DNA-Encoded Library Technology (DEL)
DNA-encoded library technology (DELT) refers to the synthesis of a huge-scale compound library by combining a large number of chemical molecular building blocks. Each building block corresponds to a unique DNA code, similar to a barcode. Correspondingly, a compound synthesized from multiple building blocks also has a unique barcode, which is generated by the combination of the codes of all building blocks in the compound. According to this principle, DEL technology can be applied to database construction and drug screening. DEL technology is one of the emerging small-molecule drug screening technologies in recent years. Since it was proposed in 1992, the technology has gradually moved to the industrial world and has been favored by major multinational pharmaceutical companies. DEL technology has also become one of the main method for compound screening due to its large library capacity and fast screening speed. The construction strategies of DNA coding compound library mainly include: DNA recording synthesis method, DNA template method, DNA routing synthesis method, ESAC synthesis method and so on.
Gene Editing Technology
Gene editing technology is a classic and commonly used molecular biology technology, which is widely used in drug development, gene therapy, basic research, and diagnostic technology development. The core of gene editing technology is to modify genomic DNA through programmed artificial nucleases. For the development of small molecule drugs, gene editing can solve pre-clinical evaluation systems, new target discovery, and drug resistance issues through gene knock-in, gene knock-out, base switching.

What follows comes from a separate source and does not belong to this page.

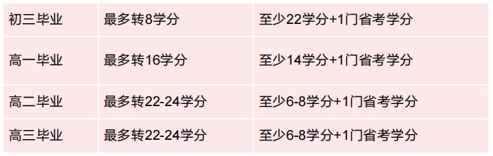 加拿大安大略省高中课程可接受中国从初三至高三毕业任何年级学生,不同年级所需学分灵活转化。中国学生短则可通过1学年的时间完成大学申请所需的12年级6门课程和其他OSSD毕业所需课程,是时间短、课程安排灵活的多国联申请升学途径。

Gene editing technology can provide a preclinical screening platform for small molecule drug research and development. It can edit target genes at the genome level, and can highly simulate disease mechanisms and progress, greatly simplifying the modeling process and shortening the modeling cycle. Gene editing technology provides more practical cell and animal models for the development of small molecule drugs. Examples of this type are widely used in metabolic diseases and the central nervous system. In addition, gene editing technology can be used to screen drug targets on a large scale.
Artificial Intelligence (AI) Technology
In recent years, with the continuous maturity of artificial intelligence (AI) technology, artificial intelligence has been found in the target site, the discovery of hit compounds and lead compounds, the design of drug molecular synthesis routes, the establishment of disease models, and the discovery of new indications. Helping the research and development of new drugs in many other aspects will greatly improve the research and development efficiency of new drugs.